Я стою у первой ступеньки и вся дрожу. И тут вдруг Вадим скатывается
– Вы идете, наконец?
И я иду. Дверь в спальню открыта. На кровати лежит голая женщина. Увидев меня, она вскрикивает:
– Вы кто?
Вадим остался за дверью. Все правильно: это дело семейное. Он меня страхует, но я должна сделать все сама. Я достаю из сумочки пистолет. А вдруг Андрей сейчас войдет? В душе он обычно моется долго, но кто знает? Надо быть во всеоружии, а то он легко решит очередную проблему. Скрутит меня в один момент и вышвырнет из этого дома.
Увидев оружие, женщина принимается визжать:
– Помогите! Убивают!
Кричит она громко, но, видимо, мой муж ничего не слышит из-за шума льющейся воды. На отчаянный женский крик Андрей не реагирует.

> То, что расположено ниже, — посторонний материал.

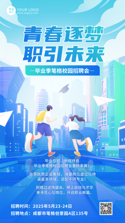 校园招聘会扁平手绘宣传海报
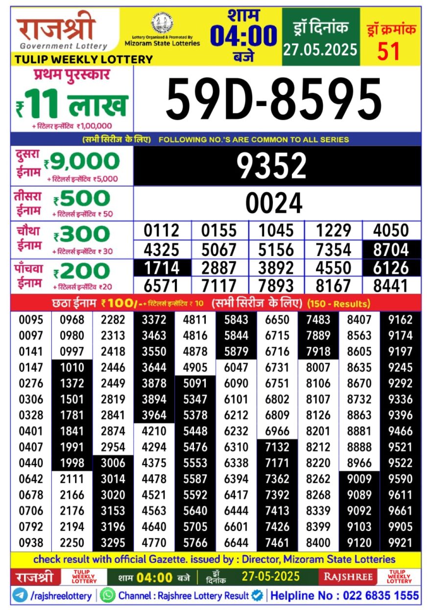 Rajshree tulip Tuesday Weekly Lottery 4PM Result 27.05.25

– Я его жена, – говорю я, чувствуя, как голос сел от волнения.
– Жена? Господи! Я что-то такое подозревала! Погодите, я оденусь.
Она торопливо начинает одеваться. Натягивает трусы и лифчик, потом джинсы и футболку. Руки у нее слегка дрожат. Но, видимо, муж прав: я действительно дура. Я дала ей время собраться с мыслями. Потому что, одевшись, она кидается к окну, и принимается орать на всю улицу:
– Помогите! Меня убивают! Эдик!
Я кидаюсь к ней:
– Замолчите!
Она хватается за мою руку, ту, в которой пистолет. Я вдруг вспоминаю уроки самообороны. Ну уж нет! Ей со мной не справиться, как бы она ни старалась! Она отчаянно визжит и даже пытается меня укусить. Я, конечно, йог и знаю, куда бить, но я мелкая. Вот так и понимаешь преимущества роста и массы в ближнем бою! Мы пыхтим, сопим, это не драка, а какая-то возня.
Выстрел раздается неожиданно. Я совсем забыла, что у меня в руке пистолет! Кажется, в пылу борьбы я нажала на курок! Людмила оседает на пол с удивленным лицом, а мои пальцы невольно разжимаются. Пистолет с грохотом падает на пол. Я в ужасе. Освободившимися от оружия руками пытаюсь удержать Людмилу, но она валится на пол. На руках у меня кровь.
– Ты меня убила, – удивленно говорит Людмила и вдруг хрипит. На губах кровавая пена. Все. Я тупо стою у тела мертвой женщины, опустив руки. Мне кажется, что прошла вечность, а не какие-то секунды с того момента, как я нажала на курок.
– Что случилось?! – В комнату вбегает Вадим.
– Где мой муж?
– Не знаю. Был в душе. Стеша, что ты наделала!
От волнения он зовет меня Стешей и без всякого отчества. Какое уж тут отчество! Вадим бросается к Людмиле, а я все также тупо смотрю, как он пытается реанимировать труп. Потом невольно отворачиваюсь
– Андрей!
И кидаюсь в ванную комнату. Там никого нет. Я бегу на первый этаж, но там тоже никого. Распахиваю дверь на улицу. Машины мужа во дворе нет. Уехал?! Бросил меня?!
Я возвращаюсь в дом и неверными шагами поднимаюсь на второй этаж. У меня еще есть тайная надежда: а вдруг? В спальне живая Людмила, черт с ней, пусть она спала с моим мужем, лишь бы была жива! Я ей все прощу, лишь бы она дышала!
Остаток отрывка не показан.